Affinity sees groundwater recover following heavy rainfall
Affinity Water has announced that a hosepipe ban will not be needed in the Spring following heavy rainfall over the winter.
The announcement follows Affinity Water’s earlier warning in September 2019, where the water company alerted customers to the possibility of a hosepipe ban in spring 2020 in its central region following nearly three years of below average rainfall.
“Groundwater levels have recovered from a ‘low’ position in October 2019 and will continue to rise until the end of the autumn and winter ‘recharge’ period”, said Kevin Barton, head of external communications.
“The groundwater ‘recharge’ period is usually between October and March each year and it is the time where rainfall is most likely to filter down into the aquifer, deep underground.
“In spring and summer, rainfall is less likely to filter into the aquifer as most rain is used for trees and plants for growth or is lost to evaporation”.
The three years of dry weather also affected the local environment with low flows in the region’s globally rare chalk streams, which in some places had dried up posing a risk to local wildlife.
“The effects of an environmental drought can in some cases be felt much sooner than an impact on public water supply, and at times can take longer to recover,” added Affinity Water’s director of corporate affairs, Jake Rigg.

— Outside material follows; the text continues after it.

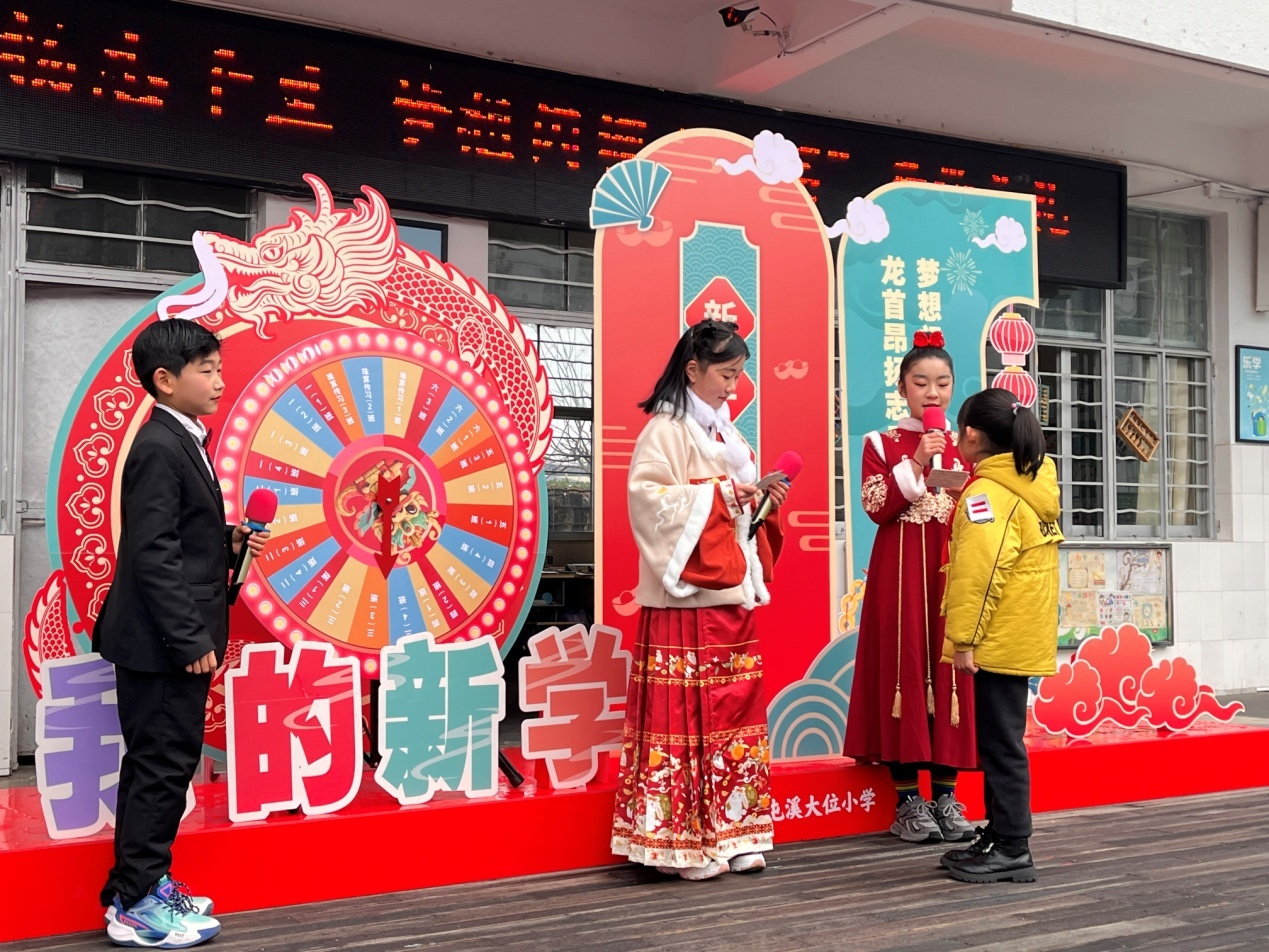 活动现场,非遗表演“鱼灯舞”、新年有奖竞猜有奖问答,为新学期的学生营造了浓厚的“家庭式”教育氛围。“新的学期来了,心里感到十分的开心,马上就要四年级了,又长大了,新的学期,我有新的目标,希望在学习上有更大的进步。”屯溪大位小学 学生张洛说。

“Climate change is making periods of prolonged dry weather more intense in Southeast England. At Affinity Water, we recognise the responsibility we have to protect and nurture the environment and we need our customers to join with us on this important journey. Within our catchment area we have some of the rarest habitats in the world – chalk streams, often described as England’s Amazon.
“Centuries of historical river alterations, prolonged periods of dry weather and the demand for water all play their part in how these habitats fair. We need to treasure and protect them and we can all do that by using less water.
“At Affinity Water, we have embarked on a massive programme of river restoration whilst reducing the amount of water we take from groundwater and are also working hard to fix leaks to leave more water in the environment.”